In one sense, to say that there are some things we shouldn’t do is a bit of an over-simplification. Rather, I would say that there are some things that we really should think very carefully about before we commit to doing them. Now, if we were in a steady-state economy, we could not avoid this as easily as we do now. I think that one of the results of present-day economics and politics is the ability, both individually and collectively, to not think about what we are doing, why we are doing it and where these decisions might take us in the future. So we still might have fantastically advanced but dangerous nano-tech. But only if enough people so convinced of the risk/benefit balance that they will materially support it.

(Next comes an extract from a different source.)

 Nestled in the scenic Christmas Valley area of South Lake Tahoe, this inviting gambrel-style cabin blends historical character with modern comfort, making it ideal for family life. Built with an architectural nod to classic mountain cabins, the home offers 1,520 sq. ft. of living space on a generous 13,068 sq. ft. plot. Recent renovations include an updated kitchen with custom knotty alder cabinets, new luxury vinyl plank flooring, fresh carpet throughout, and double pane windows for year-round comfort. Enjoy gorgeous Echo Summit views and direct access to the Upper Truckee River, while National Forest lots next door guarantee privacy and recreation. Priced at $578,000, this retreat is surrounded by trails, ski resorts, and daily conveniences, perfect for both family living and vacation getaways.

There is another stronger and broader sense in which #3 can be construed though. It is that the appeal of some of these technologies are symptoms of our individual and collective inability to deal with the fact that we are short-lived, unfulfilled, irrational, passionate and sometimes unpleasant animals, living on one isolated planet (that we seem intent on ruining) in an uncaring and absurd universe. My worry is that space exploration, for example, might be appealing because it allows us to avoid thinking too hard about difficult subjects like the economy that mysteriously grows forever, or what sort of environment we are leaving for future generations. It isn’t totally implausible that sufficiently advanced space travel and habitation technology could allow (some) people to avoid the reality of these problems, carrying our maladaptive ideologies and economics along with us as we go. This is a concern of some space-exploration detractors – we might simply end up making a mess of other places. So maybe this is a case where we just need to develop a better attitude to how we relate to the universe. Dan Simmons’ Ousters perhaps? I would argue that we could do worse than Peter F Hamilton’s Edenists as well.

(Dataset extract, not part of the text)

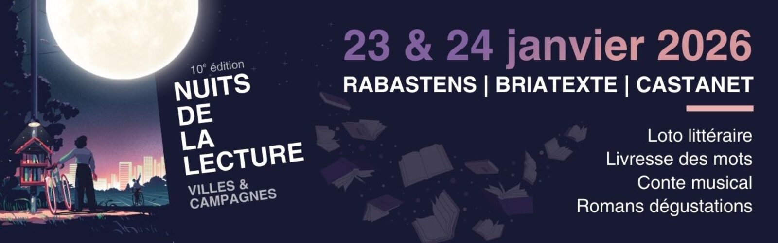 Pour l’occasion, les médiathèques de Rabastens, Briatexte et Castanet ouvriront exceptionnellement en soirée les vendredi 23 et samedi 24 janvier 2026, afin de vous permettre de profiter pleinement des rendez-vous des Nuits de la lecture.

Please note that I cannot rule out that some technologies or achievements are ethically or morally problematic in a way that is independent of their ability to allow us to avoid dealing with (or thinking about dealing with) certain problems. Thus, it is possible that they might turn out to be no great loss, because they were a bad idea in the first place. The arguments for other technologies and projects are probably going to be different for each. For example, radical life-extension has different ethical complications to immersive VR or colonising space. What these things do have in common is that they are worth thinking about and involve choosing certain values.

Response #3 is the one that has the least amount of potential easy answers. It’s necessary to consider whether or not we should do something rather than simply asking whether or not we can do it. The answers are rarely a straight yes or no affair. Many things fall into the category of ‘Yes, if certain conditions are met’. For example, we might be that we could ethically colonise space if we preserve and integrate into the environments we find there, rather than exploit and degrade them as we have done on Earth. It would be OK to build a space elevator, if certain environmental, social and economic conditions are met. Some things might seem too dangerous or otherwise just too unethical to pursue. But I am willing to speculate that there would be a lot of ‘big stuff’ that we could do with a clear conscience if we put some serious thought into it.

Would a de-growing or steady-state economy stop us from expanding our knowledge, stifle innovation and education and stop society from ever creating and completing the kind of grand projects that Neal Stephenson has in mind? Not necessarily at least. Would our approach to these things have to be different? Definitely, but as Stephenson (2011) and I have observed, our current economy isn’t really enabling these projects anyway. Our approach might have to be much more inclusive at a political and economic level. Because of this, we might have to think really hard, at a collective level, about what it is that we really want to achieve. There might be some projects and technologies that we ought to avoid. But if we have to carefully consider our options, we might be able negotiate a path that is environmentally/economically sustainable, reasonably ethical, and still have room for the great innovations and ventures that Stephenson would like to see.